A post-catalyst sensor 42 that detects the air-fuel ratio of the exhaust gas flowing out from the catalyst 32 is installed on the downstream side of the catalyst 32. As the post-catalyst sensor 42, a so-called O ₂ sensor having a characteristic that the output changes suddenly at the theoretical air-fuel ratio can be used.

  The system of the present embodiment further detects an engine speed sensor 44 that detects the speed of the internal combustion engine 10, an air flow meter 46 that detects the intake air amount of the internal combustion engine 10, and an accelerator pedal position of the driver's seat of the vehicle. An accelerator position sensor 48 and an ECU (Electronic Control Unit) 50 are provided. The ECU 50 includes a CPU, a ROM, a RAM, an input / output port, a storage device, and the like (all not shown). The ECU 50 is electrically connected to the various sensors and actuators described above. The ECU 50 controls the opening degree of the throttle valve 22, the fuel injection amount from the fuel injector 16, the opening degree of the waste gate valve 38 and the like based on the detection values of various sensors.

  Of the control executed by the ECU 50, air-fuel ratio feedback control will be described. When the air-fuel ratio of the exhaust gas flowing into the catalyst 32 is in the vicinity of the stoichiometric air-fuel ratio, the catalyst 32 can efficiently simultaneously purify the three components of NOx, HC, and CO. Therefore, during normal operation of the internal combustion engine 10, the ECU 50 performs air-fuel ratio feedback control so that the air-fuel ratio of the exhaust gas flowing into the catalyst 32 becomes the stoichiometric air-fuel ratio. According to the air-fuel ratio feedback control, the air-fuel ratio of the exhaust gas flowing into the catalyst 32 is corrected by correcting the fuel injection amount from the fuel injector 16 based on the air-fuel ratio detected by the pre-catalyst sensor 40 and the post-catalyst sensor 42. Can be accurately maintained in the vicinity of the theoretical air-fuel ratio.
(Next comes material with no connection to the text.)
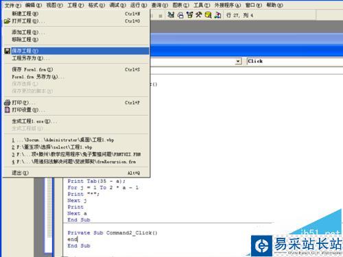 9、運行調試成功后,對該文件進行保存,執行文件-保存工程命令,首先要保存窗體,然后接著保存工程,如果有需要的話把它生成exe文件。

  Next, control of the waste gate valve 38 will be described. In the present embodiment, the opening degree of the waste gate valve 38 is controlled by the ECU 50 according to the operating conditions of the internal combustion engine 10. That is, the ECU 50 defines the relationship between the operating conditions (for example, the engine speed and the engine load) of the internal combustion engine 10 and the target opening of the waste gate valve 38 (hereinafter simply referred to as “target opening”). A waste gate valve opening degree map is stored in advance. Then, the ECU 50 controls the waste gate valve 38 such that the actual opening of the waste gate valve 38 matches the target opening calculated based on the waste gate valve opening map.
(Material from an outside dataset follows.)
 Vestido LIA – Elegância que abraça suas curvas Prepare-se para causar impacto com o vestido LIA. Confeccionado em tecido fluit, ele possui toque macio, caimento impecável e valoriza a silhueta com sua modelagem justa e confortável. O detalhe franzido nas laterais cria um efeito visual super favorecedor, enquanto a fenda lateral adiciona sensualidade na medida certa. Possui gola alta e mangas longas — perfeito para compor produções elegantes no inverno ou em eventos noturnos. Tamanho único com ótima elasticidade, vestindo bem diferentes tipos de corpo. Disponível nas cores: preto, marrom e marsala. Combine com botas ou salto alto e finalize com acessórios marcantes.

  As shown in FIG. 1, the turbine 241 is disposed on the side of the main body of the internal combustion engine 10 and at a position close to the # 2 cylinder and the # 3 cylinder. The # 2 cylinder and the # 3 cylinder are adjacent to each other and close to the turbine 241. For this reason, the length of the second exhaust manifold 28 is relatively short. Therefore, the second exhaust manifold 28 has a relatively small surface area and a relatively small amount of heat dissipation.

  On the other hand, the # 1 cylinder and the # 4 cylinder are apart from each other and are also far from the turbine 241. For this reason, the length of the first exhaust manifold 26 is longer than that of the second exhaust manifold 28. Therefore, the first exhaust manifold 26 has a larger surface area and a larger amount of heat radiation than the second exhaust manifold 28.

  Due to the difference in the heat dissipation amount as described above, the temperature of the exhaust gas flowing into the turbine 241 from the # 2 cylinder and the # 3 cylinder is higher than the temperature of the exhaust gas flowing into the turbine 241 from the # 1 cylinder and the # 4 cylinder. Also gets higher. For this reason, in the housing of the turbine 241 (hereinafter referred to as “turbine housing”), the temperature of the wall of the portion where the exhaust gas flowing in from the # 2 cylinder and the # 3 cylinder (second exhaust manifold 28) hits easily increases.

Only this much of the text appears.